1982 American film by Kathleen Collins

Losing Ground is a semiautobiographical 1982 American drama film written and directed by Kathleen Collins, and starring Seret Scott, Bill Gunn and Duane Jones. It is the first feature-length drama directed by an African-American woman since the 1920s and won First Prize at the Figueira da Foz International Film Festival in Portugal.

In 2020, the film was selected for preservation in the National Film Registry by the Library of Congress as being "culturally, historically, or aesthetically significant".

==Plot==
Sara Rogers is a well-loved African-American philosophy professor who teaches courses on logic. She is married to Victor, a successful African-American painter. To celebrate the sale of one of his paintings to a museum, Victor decides to rent a house for the summer where he can focus on his art. Sara, however, is annoyed by his plan because she had hoped to spend the summer in the city researching a paper she is writing on ecstatic experiences. She knows that her access to books and resources will be limited in a small town and feels that Victor does not value her academic work as much as he values his own artistic pursuits. Nevertheless, after finding a house they both adore, she agrees to accompany him for the summer.

At the rented house, Victor becomes obsessed with painting local women, befriending one in particular—a Puerto Rican woman named Celia. Feeling jealous, Sara returns to the city for a few days to act in a student film after one of her students begs her to participate. During the filming, she meets Duke, the filmmaker's uncle, who plays her love interest in the movie. Duke is immediately attracted to her.

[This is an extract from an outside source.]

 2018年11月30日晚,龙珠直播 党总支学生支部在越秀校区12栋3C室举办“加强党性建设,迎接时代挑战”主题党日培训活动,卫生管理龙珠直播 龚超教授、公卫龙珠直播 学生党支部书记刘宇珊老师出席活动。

Sara brings Duke to the rented house, and Victor becomes visibly jealous of him. Victor’s jealousy intensifies when his friend and mentor, Carlos, begins flirting with Celia. One morning, after witnessing Victor sexually harassing Celia, Sara grows furious and demands that he stop his inappropriate behavior in front of her. Feeling overwhelmed, she leaves Victor and confides in her mother, expressing that she feels out of control and on shaky ground—a stark contrast to her usual steady and contemplative nature.

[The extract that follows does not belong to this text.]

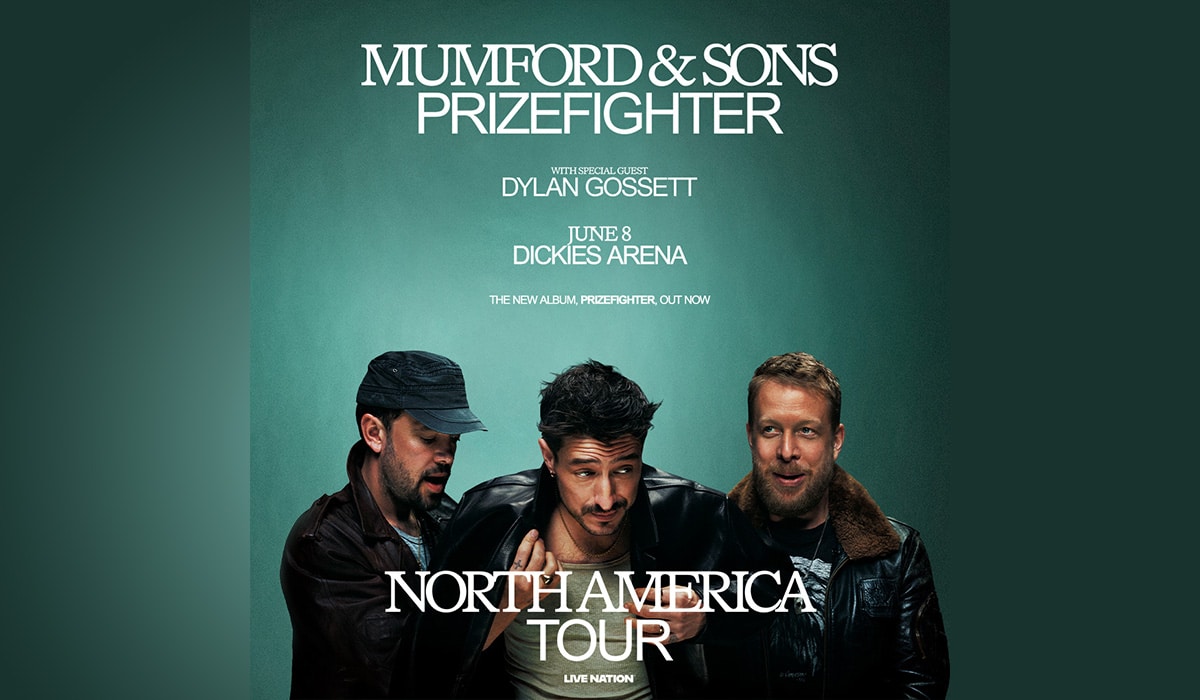 Mumford & Sons is bringing their Prizefighter Tour with special guest Dylan Gossett to Dickies Arena on Monday, June 8, 2026.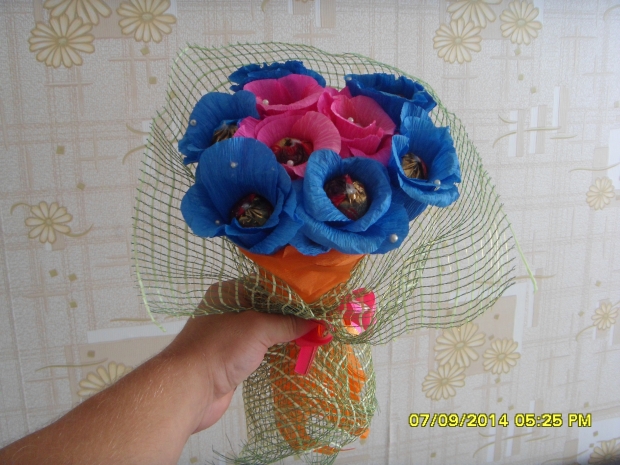 Сделаю на заказ корзины с конфетами,на любой праздник,конфеты и их количество можно самим выбрать,так же сделаю бутылки из конфет.Работы все мои ,но можете предложить что-то своё.

Returning to the city, Sara completes her final scenes for the film. Victor goes to find her and arrives just in time to watch her character shoot Duke’s character for being unfaithful to her.

==Cast==
- Seret Scott as Sara Rogers
- Bill Gunn as Victor
- Duane Jones as Duke
- Billie Allen as Leila, Sara's Mother
- Gary Bolling as George
- Noberto Kerner as Carlos, Victor's friend
- Maritza Rivera as Celia

==Production==
Losing Ground was filmed in New York City and in Nyack, Piermont and Haverstraw in Rockland County. The film had a budget of $125,000.

==Response and legacy==
Losing Ground did not have a theatrical release, and thus never played outside of the film festival circuit during Collins' lifetime — the director died in 1988 at the age of 46. The film was largely overlooked at that time. In 1983, the Museum of Modern Art screened it as part of a Cineprobe series.

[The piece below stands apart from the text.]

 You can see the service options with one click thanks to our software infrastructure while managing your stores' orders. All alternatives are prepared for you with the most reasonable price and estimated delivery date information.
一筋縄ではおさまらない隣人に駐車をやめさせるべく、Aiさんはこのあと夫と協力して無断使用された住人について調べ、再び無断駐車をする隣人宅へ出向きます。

In 2015, the film was restored by the filmmaker's daughter, Nina Collins, and reissued. In the same year, the film screened at Film Society of Lincoln Center, spurring critical and popular interest in the film. Critics raved about the film; Richard Brody of The New Yorker wrote that "had it screened widely in its time, it would have marked film history." A. O. Scott of The New York Times wrote that the film "feels like news, like a bulletin from a vital and as-yet-unexplored dimension of reality." In The Stranger, Charles Mudede described the film as being "one of the most important and original American films of the second half of the 20th century." The A.V. Club listed the film as being among the 52 most important American independent films.

In 2016, Milestone Films released the film on DVD and Blu-ray.

Losing Ground is currently streaming via the Criterion Channel.